The Goodness That Endures
It's not up for a vote
Why do you boast, you tyrant, that you can do evil; Whereas the goodness of God endures all the day long? (Psalm 52:1-2)
Plenty of folks have described politics as the new religion, with all of the worst aspects of religion front and center.
A recent political raid on a church service in Minnesota has people stirred up.
As we might expect, there are self-identified Christians demonstrating and opining from within both of the political bubbles.
My morning Psalm offerings and Bible reading reminded me that the essentials of the Gospel cannot be contained or eliminated by politics, although various political policies and actions can make it more or less difficult or even sacrificial to keep the faith.
Psalms 52. 53 and 54 portray the powers of this world in opposition to faith in God,
“Behold, this is the one who did not take God for his strength, but trusted in the multitude of his riches and relied on his wickedness”…I will always give thanks unto you for what you have done, and I will declare your Name among the faithful, for it is good. (52:8,10)
Have they no knowledge, all the workers of evil who eat up my people as they would eat bread, and call not upon God? (53:5)
For the arrogant have risen up against me, and tyrants, who do not have God before their eyes, seek after my life. Behold, God is my helper; the Lord is he who upholds my life. (54:3-4)
If we’re honest, we’ll confess that we see “the other side” as the bad guys in these verses and our own partisans as the righteous and victimized. And so much of today’s commentary — some offered by Christians — is an effort to legitimate the violence that the Psalms protest.
Whichever bubble engulfs the other has nothing to do with the ultimate claims of the Christian faith, shared in this morning’s New Testament lesson,
My sheep hear my voice, and I know them, and they follow me. I give them eternal life, and they will never perish, and no one will snatch them out of my hand. My Father, who has given them to me, is greater than all, and no one is able to snatch them out of the Father's hand. I and the Father are one. (Jesus in John 10:27-30)
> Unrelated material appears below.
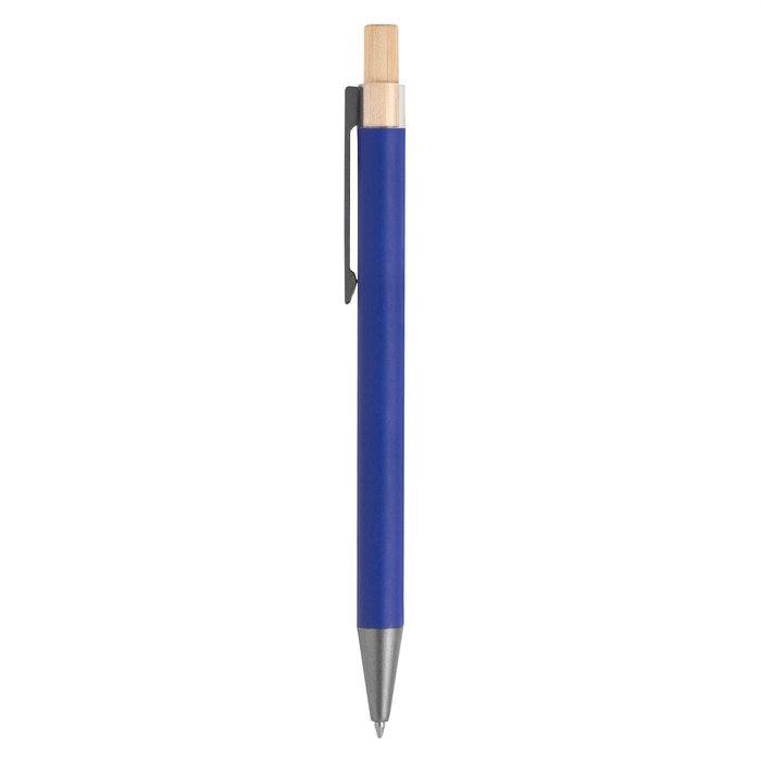 Aluminio y bambú. Bolígrafo retráctil. Cuerpo metálico en diferentes colores acabado mate. Clip metálico y puntera plástica color gris acabado mate. Pulsador de bambú. Tinta negra.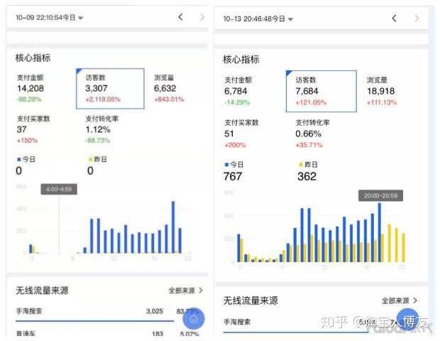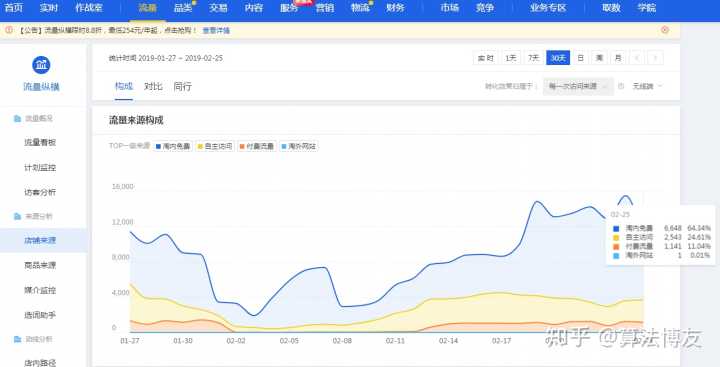 第二:一般商家对比肯定是下面这张图来评比自己店铺的一个流量情况,但是不可忽视的是淘内免费的流量,首先

You can hang that on the wall of a statehouse or ban the Bibles that contain it. You can bellow it at a political rally or arrest people who read it softly on a sidewalk. Those actions do not touch the truth that is Jesus Christ, fully human and fully divine, who gives eternal life to those who follow him in faith.
When our churches cease to proclaim him as he is to use him as a symbol for our bubble cause du jour, and seek our meaning in grim, sourpuss chaplaincies to the political bubbles, we cling to things that are passing away and miss the goodness of God that endures all the day long.
This bedtime prayer is apt,
Be present, O merciful God, and protect us through the hours of this night, so that we who are wearied by the changes and chances of this life may rest in your eternal changelessness; through Jesus Christ our Lord. Amen.



This should be on the front page of every newspaper in the country.
Powerful reframing of the faith-politics tension. The observation that both bubbles claim righteousness while the Gospel stands apart is crucial, tho rarely acknowledged in practice. I've seen congregations fracture over precisely this conflation of temporal power with eternal truth. The John 10 passage grounds things well, th permanence of divine security versus the transience of political victories matters more than most want to admit.